The 4a to 4c show cross sections through the actuator 1 out 3 at different anchor positions. In 4a is the anchor 2 in his first end position, in which he at the first anchor counterpart 5 is applied and by the electromagnetic forces of the coil 7 can be held. It is clear that in the case of two wings 20 equipped anchor 2 its wings 20 each at a first anchor counterpart 5 come to the plant and there each by the electromagnetic forces of the coil 7 are held. When switching off the coil 7 can the anchor 2 from the anchor counterpart 5 solve and in the direction of the oppositely arranged armature counterpart 5 accelerate. By timely switching on the coil 7 may be the other anchor counterpart 5 the incoming anchor 2 catch.

Corresponding 4b takes the anchor 2 then his second end position, in which he at the second anchor counterpart 5 is applied and can be held with the help of electromagnetic forces.

If the coil 7 is turned off, performs the reset device 6 according to 2 In particular, may include a torsion bar, that the anchor 2 automatically his starting position according to 4c occupies, which lies between the end positions.

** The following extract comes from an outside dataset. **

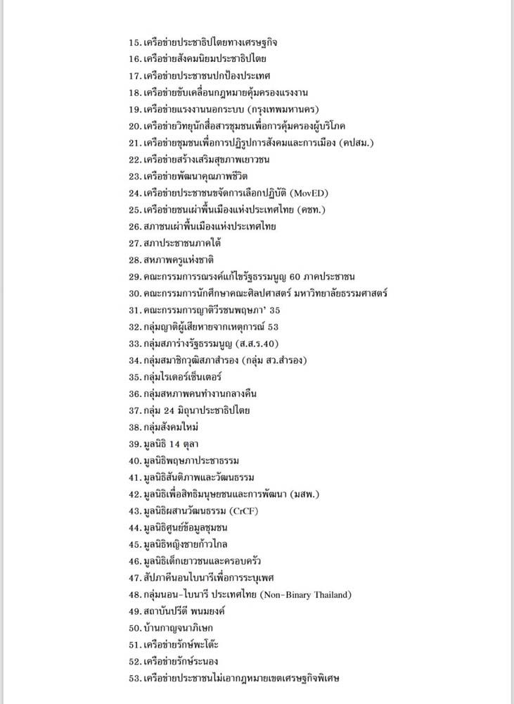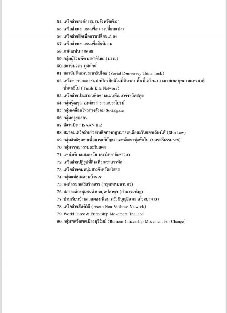 รายชื่อ 80 องค์กรประชาธิปไตย ดังนี้

To the anchor 2 In a conventional actuator, which operates with two separately controllable coils to transfer from the initial position to one of the end positions, the two coils can be driven alternately with the resonant frequency of the vibration system formed from armature and restoring device. The armature is thereby excited to oscillations in the resonant frequency range, whose amplitudes increase rapidly until the armature comes to rest on one of the armature counterparts and can be held there by a permanent holding force. Such Anschwingprozedur can in the actuator according to the invention 1 can not be carried out easily, since the actuator according to the invention 1 with only a single coil 7 works and when their activation thus at the anchor counterparts 5 always at the same time electromagnetic attraction forces are effective. A remedy could, for example, create a mechanical drive that activates the actuator 1 the anchor 2 deflects more or less strongly from its starting position.

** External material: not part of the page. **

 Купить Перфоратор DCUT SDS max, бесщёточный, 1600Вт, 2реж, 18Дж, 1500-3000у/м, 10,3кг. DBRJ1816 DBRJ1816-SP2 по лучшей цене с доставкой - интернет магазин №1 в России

However, preferred is an embodiment in which in the initial position of the armature 2 asymmetric forces of attraction between the anchor 2 and the anchor counterparts 5 arise. Such asymmetric forces of attraction lead to a slight deflection of the armature 2 , This small initial amplitude can easily in the resonance range by a corresponding excitation of the coil 7 so far amplified until the anchor 2 on one of the armature counterparts 5 comes to the plant. Asymmetrical forces of attraction can be achieved, for example, by a corresponding arrangement and / or configuration of the coil 7 and / or the anchor 2 and / or the armature counterparts 5 be achieved. For example, the initial position of the armature 2 be chosen so that they respect to the end positions of the anchor 2 is off-center. Thus, the anchor has 2 in the initial state different distances to the opposite armature counterparts 5 , However, a reduced distance leads to an increased reaction in the anchor 2 So he too increased attractions.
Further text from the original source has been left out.